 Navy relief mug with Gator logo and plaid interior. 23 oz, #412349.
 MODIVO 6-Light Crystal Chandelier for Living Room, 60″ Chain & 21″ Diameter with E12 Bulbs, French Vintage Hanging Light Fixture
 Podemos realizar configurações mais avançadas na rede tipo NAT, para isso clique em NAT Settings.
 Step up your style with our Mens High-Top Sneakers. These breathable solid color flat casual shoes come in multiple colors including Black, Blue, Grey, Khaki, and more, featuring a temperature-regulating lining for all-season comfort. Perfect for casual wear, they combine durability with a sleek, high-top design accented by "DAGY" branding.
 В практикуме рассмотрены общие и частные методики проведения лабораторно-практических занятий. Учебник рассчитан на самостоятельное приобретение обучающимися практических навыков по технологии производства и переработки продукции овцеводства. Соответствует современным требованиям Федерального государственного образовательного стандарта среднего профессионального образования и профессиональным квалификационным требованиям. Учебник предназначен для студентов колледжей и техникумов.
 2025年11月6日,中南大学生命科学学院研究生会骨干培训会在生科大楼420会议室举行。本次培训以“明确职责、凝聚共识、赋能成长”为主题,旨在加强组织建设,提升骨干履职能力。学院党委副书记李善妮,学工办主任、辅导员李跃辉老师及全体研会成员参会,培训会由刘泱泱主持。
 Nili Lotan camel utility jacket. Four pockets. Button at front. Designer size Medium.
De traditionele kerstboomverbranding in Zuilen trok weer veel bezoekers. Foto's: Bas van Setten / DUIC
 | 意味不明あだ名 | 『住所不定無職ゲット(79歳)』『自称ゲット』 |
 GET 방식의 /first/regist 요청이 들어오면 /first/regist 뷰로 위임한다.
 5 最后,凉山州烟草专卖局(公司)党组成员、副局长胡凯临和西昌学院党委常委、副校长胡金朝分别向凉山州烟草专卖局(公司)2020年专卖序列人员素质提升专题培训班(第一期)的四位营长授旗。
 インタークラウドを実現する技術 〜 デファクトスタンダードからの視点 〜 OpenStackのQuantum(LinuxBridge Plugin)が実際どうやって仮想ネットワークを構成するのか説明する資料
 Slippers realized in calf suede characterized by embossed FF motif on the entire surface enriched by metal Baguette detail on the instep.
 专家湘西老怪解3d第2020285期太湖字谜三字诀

··········

Assignment: Gather from the entries above all lines that include the string "with".

Solution for this exercise:
 Navy relief mug with Gator logo and plaid interior. 23 oz, #412349.
 MODIVO 6-Light Crystal Chandelier for Living Room, 60″ Chain & 21″ Diameter with E12 Bulbs, French Vintage Hanging Light Fixture
 Step up your style with our Mens High-Top Sneakers. These breathable solid color flat casual shoes come in multiple colors including Black, Blue, Grey, Khaki, and more, featuring a temperature-regulating lining for all-season comfort. Perfect for casual wear, they combine durability with a sleek, high-top design accented by "DAGY" branding.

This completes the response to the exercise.